→ What you have to do:
Could you set down the listing below exactly, leaving out its pictures?

→ Supplied data:
···
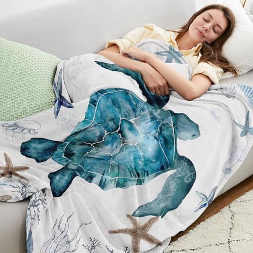 SUPER SOFT & LIGHTWEIGH:made of 300 GSM high-quality plush microfiber fabric,this sea turtle flannel fleece throw blanket offers a luxuriously soft feel. Its lightweight design ensures breathable comfort, making it perfect for year-round use.
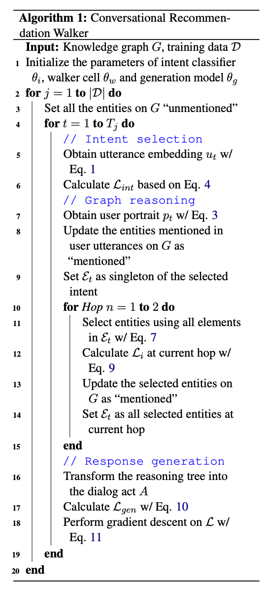 上图是 CR-Walker 的整体架构。右边是单个 Walker 单元的详细结构, Walker 单元计算图上的实体与集成了话语嵌入和用户画像的上下文嵌入之间的相似性。通过逻辑回归学习实体选择以实现多选。下图是 CR-Walker 的具体算法。
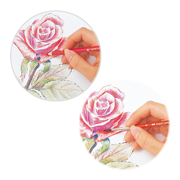 普通に色鉛筆としても使用できますが、描いた後に水を含ませた筆で上からなぞれば、水彩画のような豊かな表現も可能。
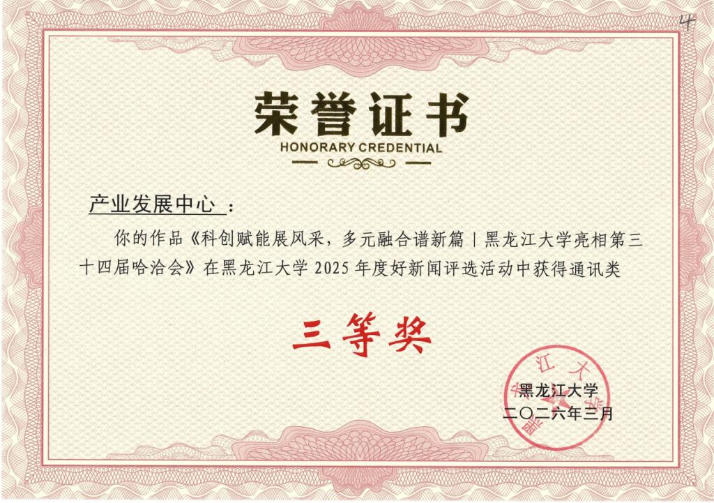 近日,黑龙江大学 2025 年度好新闻评选结果正式揭晓。由产业发展中心创作的通讯作品《科技赋能展风采,多元融合谱新篇丨黑龙江大学两项成果亮相第三十四届哈洽会》,依托详实鲜活的素材、鲜明突出的核心主旨与精炼专业的行文风格,荣获通讯类三等奖殊荣。
···
→ Exercise response:
 SUPER SOFT & LIGHTWEIGH:made of 300 GSM high-quality plush microfiber fabric,this sea turtle flannel fleece throw blanket offers a luxuriously soft feel. Its lightweight design ensures breathable comfort, making it perfect for year-round use.
 上图是 CR-Walker 的整体架构。右边是单个 Walker 单元的详细结构, Walker 单元计算图上的实体与集成了话语嵌入和用户画像的上下文嵌入之间的相似性。通过逻辑回归学习实体选择以实现多选。下图是 CR-Walker 的具体算法。
 普通に色鉛筆としても使用できますが、描いた後に水を含ませた筆で上からなぞれば、水彩画のような豊かな表現も可能。
 近日,黑龙江大学 2025 年度好新闻评选结果正式揭晓。由产业发展中心创作的通讯作品《科技赋能展风采,多元融合谱新篇丨黑龙江大学两项成果亮相第三十四届哈洽会》,依托详实鲜活的素材、鲜明突出的核心主旨与精炼专业的行文风格,荣获通讯类三等奖殊荣。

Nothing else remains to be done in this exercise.